После Курской Дуги Николай Павлович участвовал в боях за освобождение Белоруссии.

"...Наша 204-я дивизия (СД), в которой я воевал, входила в 60-й стрелковый корпус 43-й армии. Участовали в боях на 3-м Белорусском фронте, на 1-м Прибалтийском. В районе города Лиозно наша дивизия наступала в направлении г. Витебск. По пути, где мы вели бои, освобождая нашу землю от врага, почти все деревни были сожжены. Помню, читаешь карту местности, там обозначена деревня с названием, а на месте деревни стоят только русские печки сгоревших домов."

"...Где-то в начале ноября наши войска перешли к обороне. Наша батарея вела огонь по позициям противника на переднем крае, вели огонь на подавление огневых средств противника и в тылу. Как-то вечером, уже совсем стемнело, звонит командир батареи и говорит: «Возьми с собой для сопровождения солдата и приходи на НП, нам надо определить, где поставить орудие». Ночь, снежная метель, мороз... НП находился там, где и ком.роты. Рота занимала оборону на возвышенной местности. За эту сопку постоянно велись бои, немцы хотели ее захватить, потому что с этой сопки хорошо просматривалась впереди лежащая местность. Про эту сопку я слышал, раньше ее окрестили «сопкой смерти». Почему? На этой сопке постоянно велись бои, и много наших солдат погибло. Подходим к сопке, где проходили траншеи нашей пехоты. Ракеты, взлетая, освещают местность, в эти мгновения можно увидеть, что вся сопка изрыта воронками от снарядов. Что делать? Командир батареи и ком.роты решали, где поставить орудие на прямую наводку. Кругом голое место, и они решили орудие не ставить. Сколько я пережил и передумал в этот момент! "

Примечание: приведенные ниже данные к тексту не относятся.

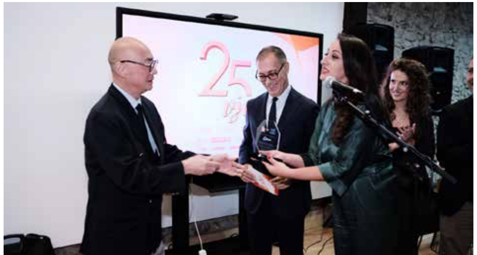
Awarding ceremony at RTK Kosovo
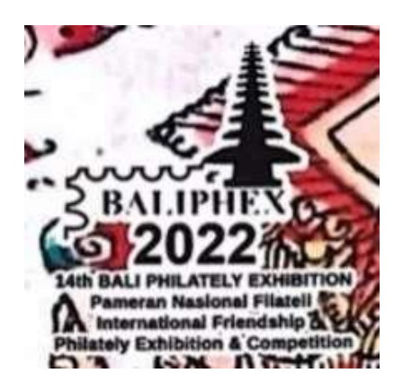
Picture 9. Baliphex 2022 logo in PRISMA

Denotatively, the logo for the exhibition has a tiger image with a striking golden yellow color which represents the mascot symbol of the 2022 WSCE Indonesia event which will be held on 4-9 August 2022 at JIEXPO Kemayoran. In the next stage, connotatively the tiger marker has the meaning of an animal that has power in its habitat in the forest, so that it represents a meaningful sign of celebrating victory in the 2022 WSCE Indonesia event.
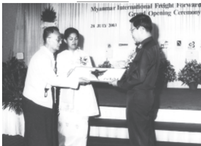
Secretary-1 General Khin Nyunt accepts cash donations for Myanmar International Freight Forwarders' Association from entrepreneurs.
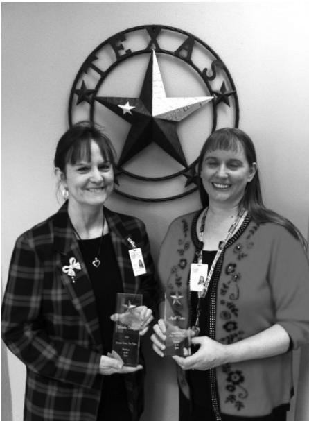
Grayson Cnty Tax Office Employees of the Year
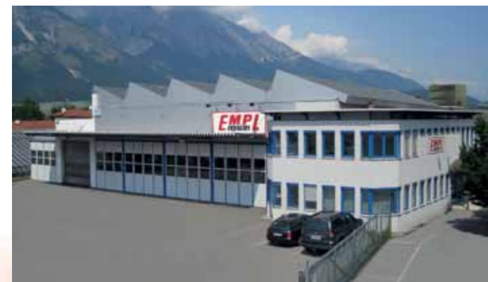
Service plant, Hall in Tirol
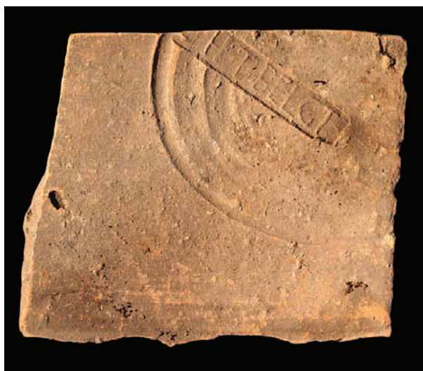
Slika 5. Crijep s pečatom Cohors I Belgarum, Arheološka zbirka FSH-a, TIP 1978, br. 237.

Figure 5. Tile bearing stamp Cohors I Belgarum, FSH Archaeological Collection, TIP 1978, no. 237.
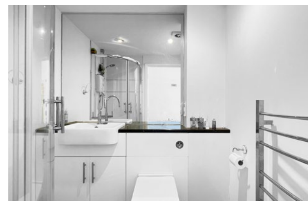
FLAT 5, 21A UNION ROAD Cambridge
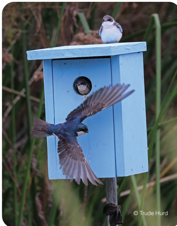
A parent tree swallow swoops in to feed fledglings at one of about 100 nest boxes at the marsh.

The marsh is one of Orange County's most popular birding spots. Visit IRWD.com/SanJoaquinMarsh .
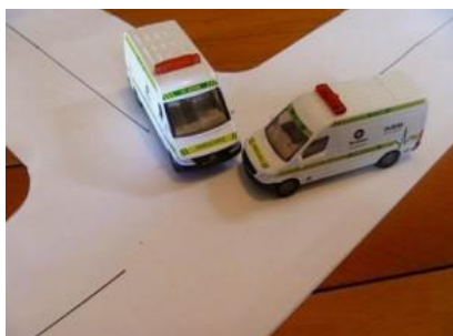
Ambulances have to fight it out
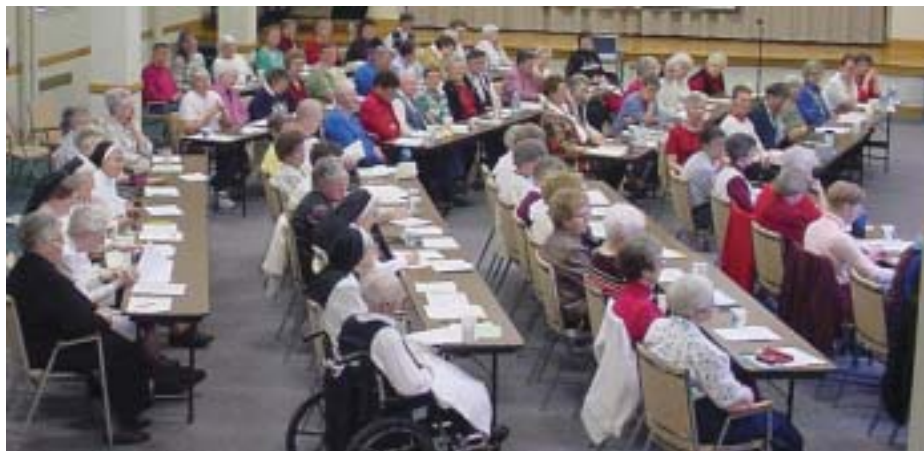
The Great Bend community assembled for the discernment day on the Cluster
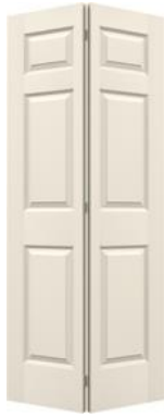
Colonist Textured Bi-Fold
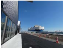
Continuous berth that extends over 1,000m.
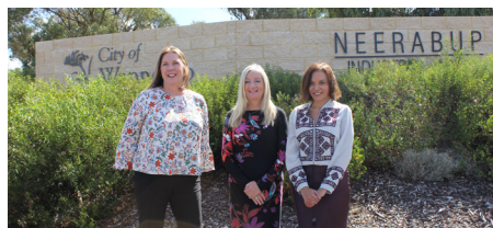
I took local business leaders & Shadow Minister for Infrastructure, Catherine King, on a tour of Neerabup. I have a plan for local jobs in the northern suburbs.
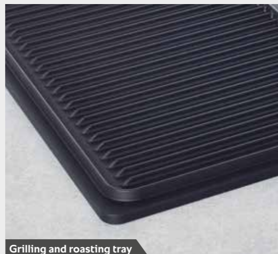
Grilling and roasting tray
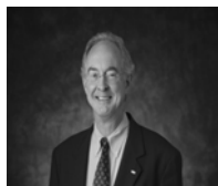
President's message, December 2009

This year brought many changes to the profession of architecture, and there is not a firm or practitioner in North Carolina whose life has not been altered by the economic events of 2009. We have all seen collegial ties shattered as architects lost staff in anticipation of – or as a result of - lost revenue. Some firms postponed the hard decisions at their financial peril, while others reduced salaries and hours in an attempt to hold valuable teams together. I can say that your Board of Architecture recognizes the difficulties experienced by the profession, and regularly discussed the impact of the Great Recession upon architects throughout 2009.
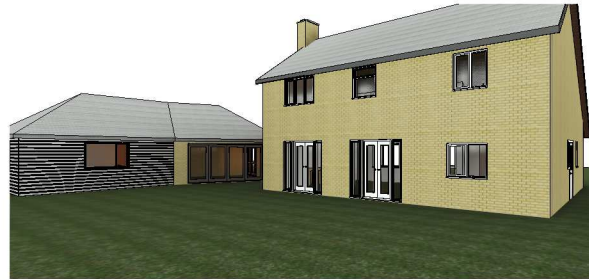
3D Rear View (Proposed)
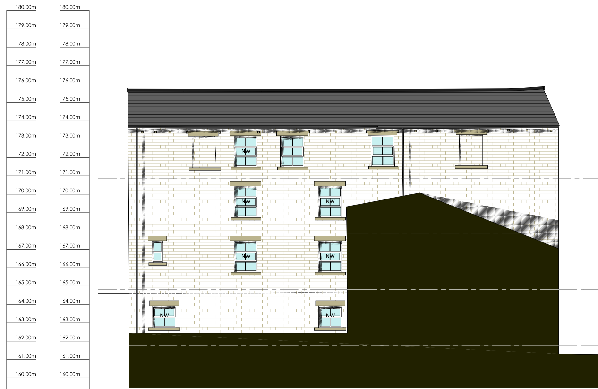
Elevation Ref. AE6

COPYRIGHT RESERVED © THIS DRAWING IS COPYRIGHT AND THE INTELLECTUAL PROPERTY OF LOROC ARCHITECTS LIMITED. THIS DRAWING MAY NOT BE REPRODUCED IN WHOLE OR IN PART WITHOUT WRITTEN AUTHORITY. DO NOT SCALE NO DIMENSIONS TO BE SCALED FROM THIS DRAWING. ALL DIMENSIONS TO BE CHECKED ON SITE PRIOR TO COMMENCEMENT OF WORKS AND ANY DISCREPANCIES REPORTED TO THE ARCHITECT / ENGINEER / CONTRACTOR ALL INFORMATION ON THIS DRAWING IS SUBJECT TO A FULL AND COMPREHENSIVE TOPOGRAPHICAL SURVEY AND CONFIRMATION OF RELEVANT TITLE. ADDITIONAL NOTES ALL WORK TO BE CARRIED OUT IN ACCORDANCE WITH THE BUILDING REGULATIONS AND THE REQUIREMENTS OF THE LOCAL AUTHORITY ADDITIONAL COMMENTS DENOTED ON DWG AREA AS (CDM)
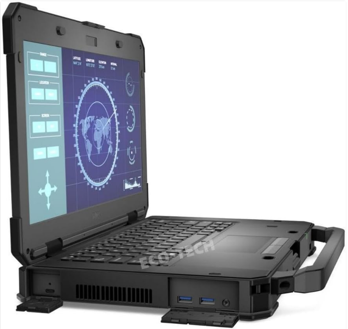
Figure 3.2: Side view of the Dell Latitude 5424 with protective port covers open, revealing USB and other connectivity options.
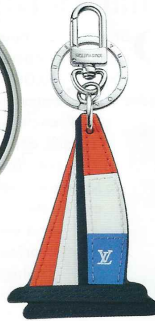
LOUIS VUITTON LV America's Cup boat-key holder, £190 uk.louisvuitton.com
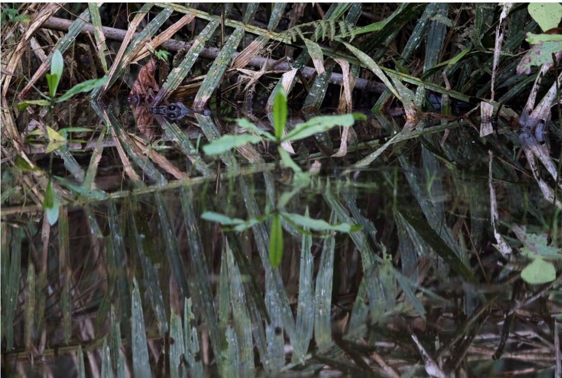
Dwarf Crocodile Osteolaemus tetraspis , listed as Vulnerable by IUCN.
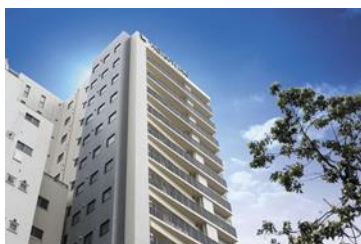
Hotel Wing International Select Ueno/Okachimachi (Owned by MIRAI)
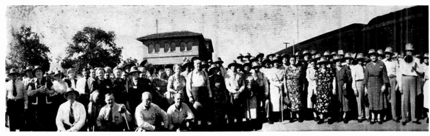
Members of the WOW Farmers' West Coast Farm Study Tour posed by its 17-car special train in Stockton, Calif. . . .
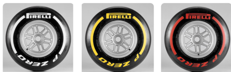
C2 - HARD
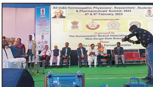
Sri. Akhil Giri, Hon'ble Minister of State, Minister of Correctional Administration Investigation & Development
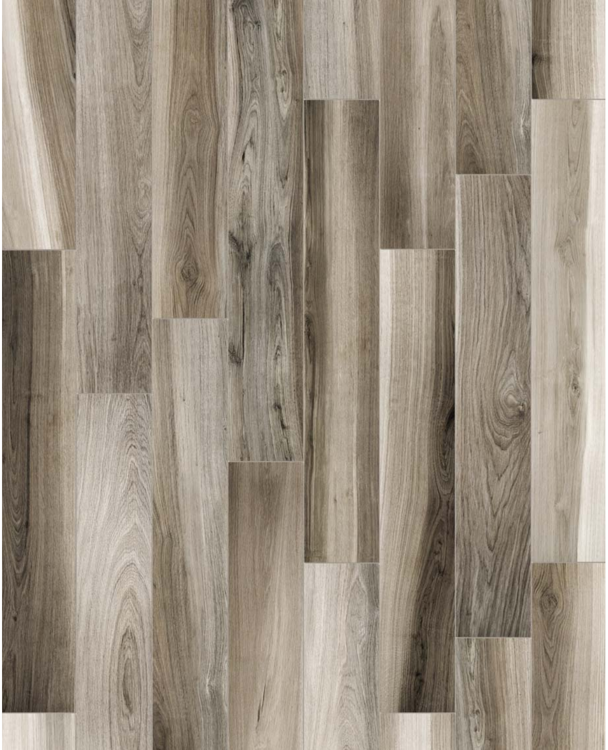
6" x 36" AMAYA WOOD BLEND HD PORCELAIN TILE
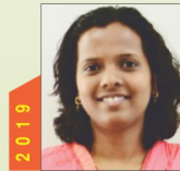
Dhodmise Trupti, IAS
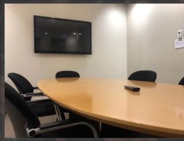
On-site WiFi, with the latest in Projectors, Digital Displays and Teleconferencing equipment
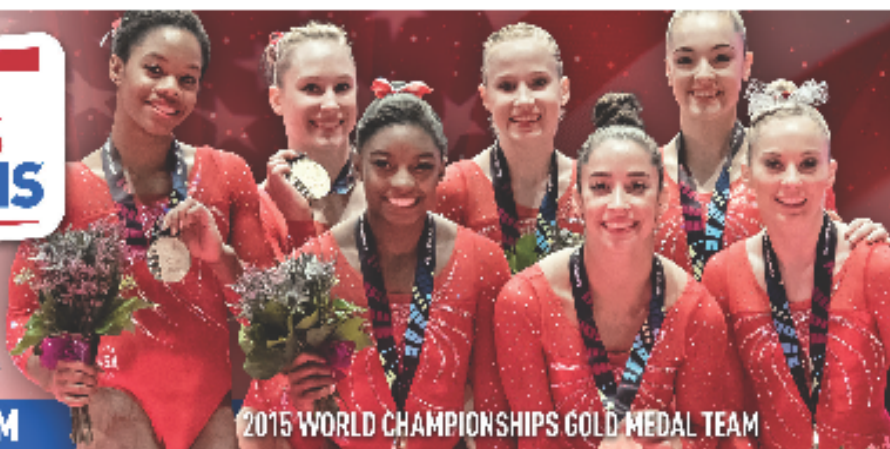
2015 WORLD CHAMPIONSHIPS GOLD MEDAL TEAM
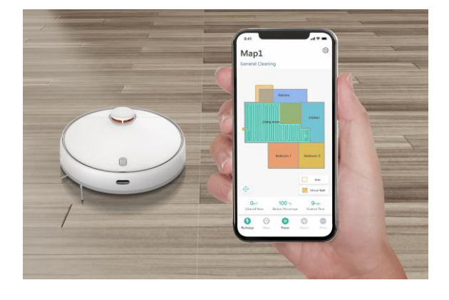
Mi Home/Xiaomi Home App Control
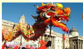
Celebrate Chinese New Year
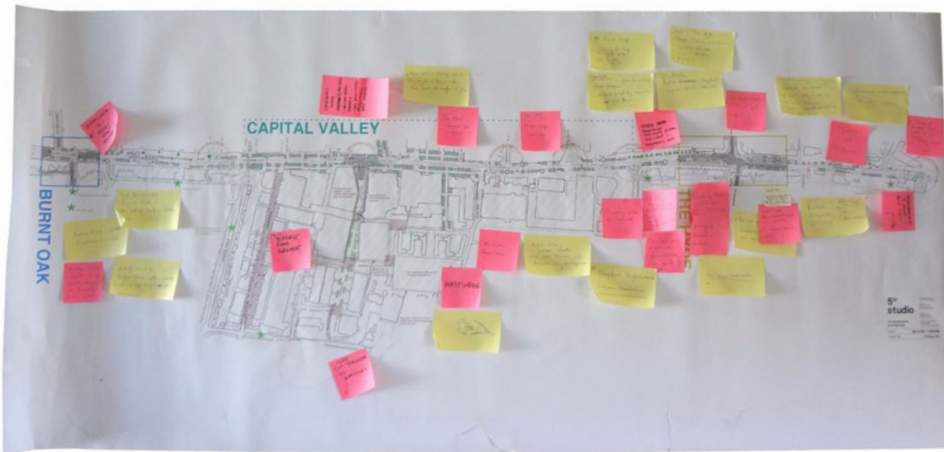
Left: Photographs of the diagrammatic plans displayed as part of the public consultation - with comments
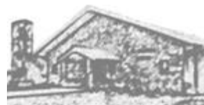
St. Columba, Iona

Confessions Sat 4:30 pm St. Ann Sun 7:30 am St. Columba Sun 9:30 am St. Mary Tues 4:00 pm St. Ann
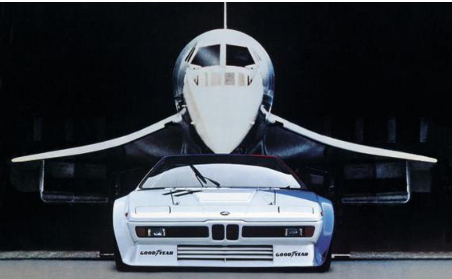
BMW M1, 1981 – year of birth of the International Council of BMW Clubs

Newsletter of the International Council of BMW Clubs
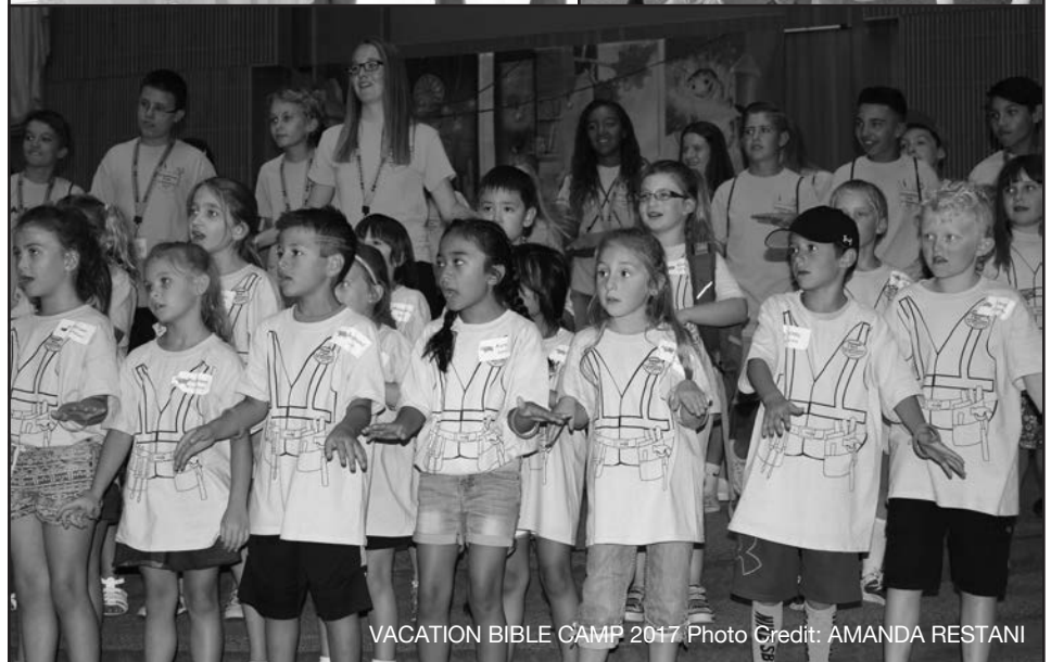
VACATION BIBLE CAMP 2017.
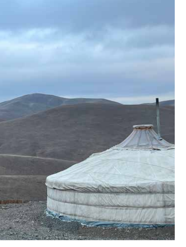
A new church in Mongolia meets in a yurt. Story on page 7.
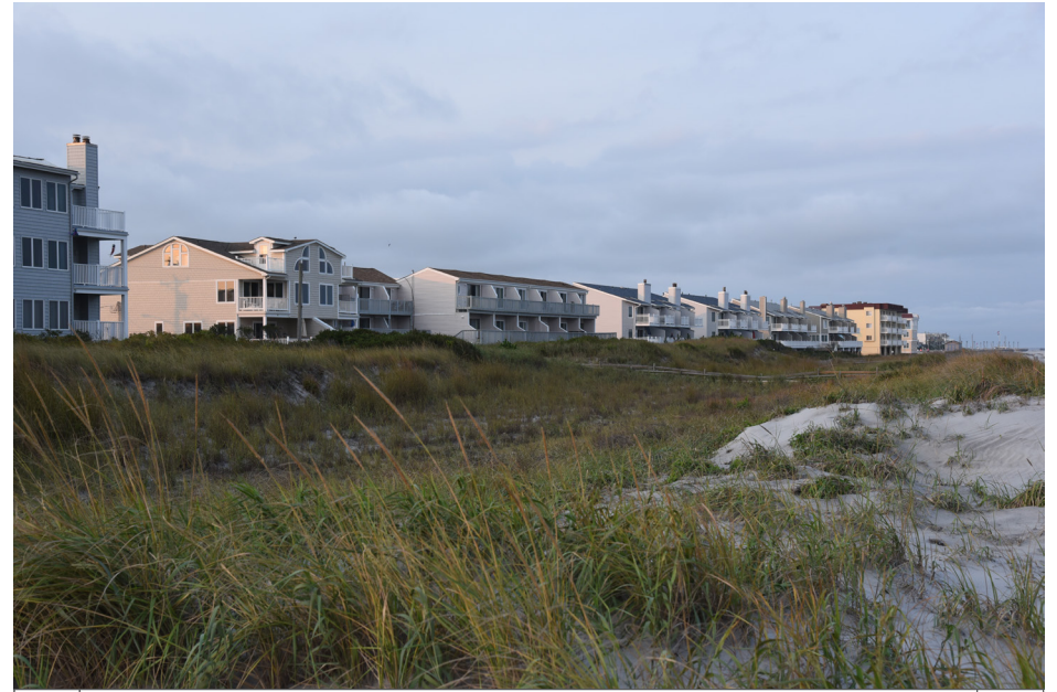
122 Brigantine - Beach Access, Brigantine Avenue at 3rd Street N

"...Не забуду, когда я ходил в тыл на батарею, видел то слева, то справа от тропинки трупы, занесенные снегом, а кое-где видны были  руки. Особенно неприятно на это смотреть, когда землю освещает лунный свет. Идешь один – картина жуткая. Помню, мимо нас по оврагу в сторону наших траншей проходили наши снайперы в маскхалатах..."

"...В конце марта 1944 года по приказу командования меня перевели из 7-й батареи в 8-ю Гаубичную 122-мм батарею на должность командира взвода управления. С этого дня у меня будут другие обязанности как командира взвода управления батареи. В подчинении у меня будут отделение связи и отделение разведки. Задачи мои – вести разведку с наблюдательного пункта, устанавливать телефонную связь ОП–НП, выдвигаться на передовой НП для установки целей противника, также держать контакт с командиром стрелковой роты батальона, которую поддерживает наша батарея."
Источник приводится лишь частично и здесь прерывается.